Künstlernachlässe werden oft als Privatsache angesehen. Dabei sind Kunstwerke Zeugnisse ihrer Zeit und damit Kulturgut von gesellschaftlichem Wert. Im Fall von Helmut Sturm geht es dabei nicht nur um fertige Gemälde. Hinzu kommen tausende Skizzen und kistenweise Inspirationsmaterial: Fotos, Zeitungsausschnitte und Fundstücke. Dazu Briefe und Notizen, die Hinweise auf die Hintergründe einzelner Bilder liefern können. „Das Besondere an einem Künstlernachlass ist für mich, dass er die Werke, die man aus dem Museum kennt, zusammenbringt mit dem Menschen, mit dem Künstler als Persönlichkeit und der Entstehungsgeschichte der Kunstwerke“, sagt Katharina Sturm. „Der Nachlass beinhaltet einfach das Gesamte.“
Privatsache? Kulturgut!
Helmut Sturm selbst hat nie darüber gesprochen, was nach seinem Tod mit seinen Arbeiten geschehen soll. Ihm ging es ums Malen, manchmal signierte er seine Bilder nicht einmal. Nun muss seine Familie sichten, sortieren und dokumentieren – und immer wieder entscheiden, was bewahrt werden muss.

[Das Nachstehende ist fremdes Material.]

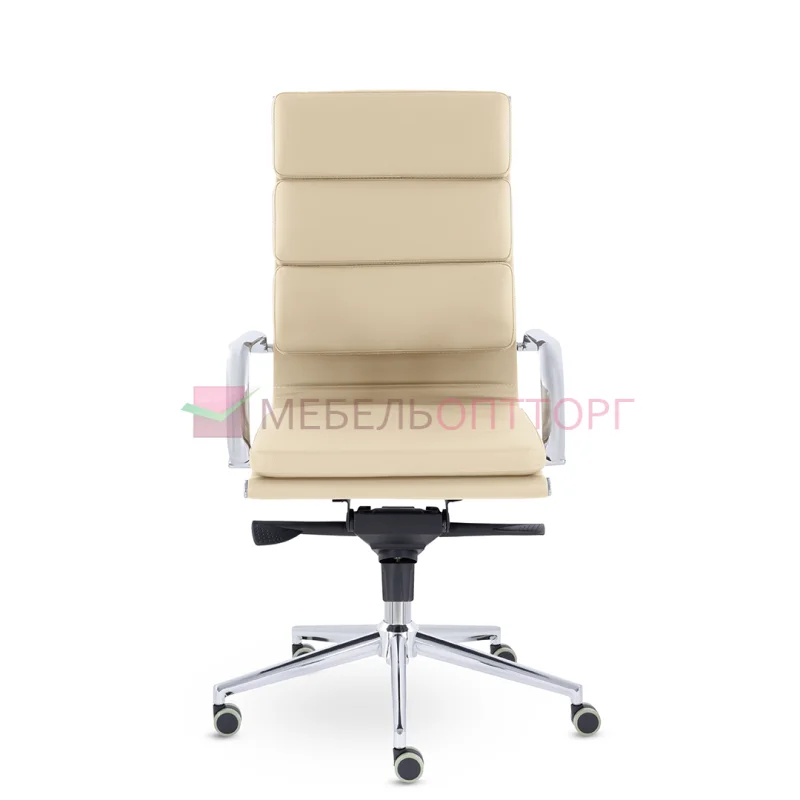 Кресло руководителя в современном металлическом каркасе. Комфорт создается благодаря мягким элементам спинки и сиденья. Зеркальный хромированный каркас и узкая крестовина задают современный стиль. Кресло отлично смотрится в строгих и открытых кабинетах. Механизм качания - мультиблок.
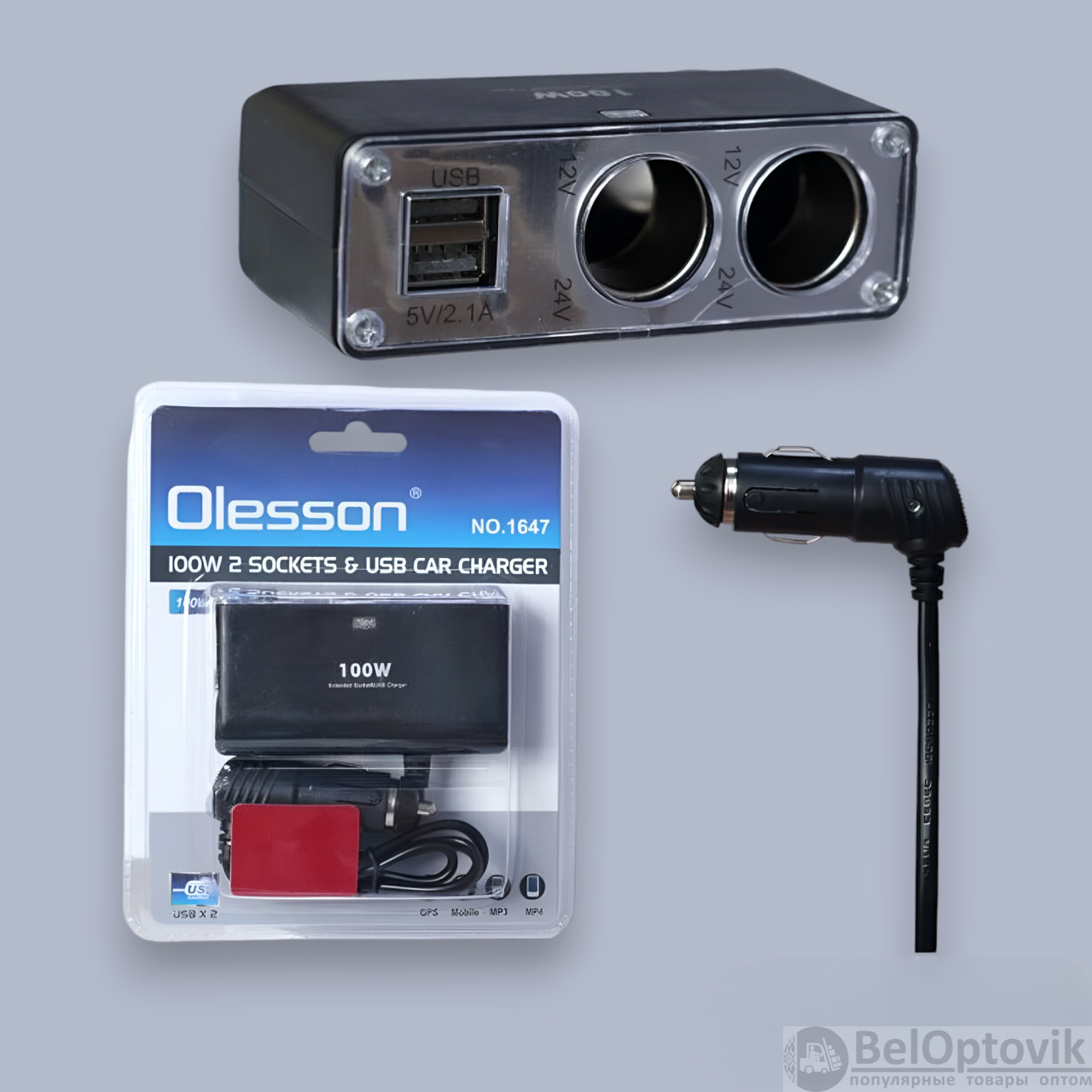 Купить Разветвитель автоприкуривателя 1647 Olesson на 2 гнезда 2USB с проводом 120W, встроенный предохранитель, светодиодная подсветка на нашем сайте можно ОПТОМ от 20 шт. или меньше, если Вы покупаете у нас и другие товары (сборный заказ)

Im Fall von Sturm ist diese Arbeit besonders aufwändig, weil der Künstler sein Atelier in einer ganz eigenen „Ordnung“ hinterlassen hat: Außenstehende würden von „kreativem Chaos“ sprechen. „Für meinen Vater war das die Ordnung, die er gebraucht hat, oder auch die Inspiration, die er gebraucht hat, wenn er im Dialog mit seinen Bildern gearbeitet hat“, sagt Katharina Sturm. „Für jemanden, der sich später mit dem Nachlass beschäftigen muss, ist das natürlich eine ganz schöne Herausforderung.“
Kreatives Chaos mit Überraschungen
Immer wieder stößt sie beim Sichten auf Überraschungen: Einmal hat sie eine bedeutende Zeichnung zwischen verstaubten Papierstapeln im Keller gefunden, ein anderes Mal ein Skizzenbuch: „Da hat mein Vater mit der Hand auf das Etikett geschrieben: ‚Schlamperei – in unseren Zeiten oft die letzte Zuflucht der Menschlichkeit.‘ Als ich das gesehen habe, musste ich laut loslachen“, erinnert sie sich. „Das passt einfach so gut, wie ich hier mitten in diesem ganzen Chaos sitze und versuche Ordnung zu schaffen und dann sehe ich das.“
Sie wünscht sich, dass das Werk ihres Vaters eines Tages dauerhaft öffentlich zugänglich wird – fehlt nur noch ein Sponsor! Bis dahin sucht sie Kunsthistorikerinnen und Kunsthistoriker, die sich wissenschaftlich mit dem Werk ihres Vaters beschäftigen wollen. Denn Helmut Sturms Nachlass ist ein Schatz, der noch gehoben werden muss.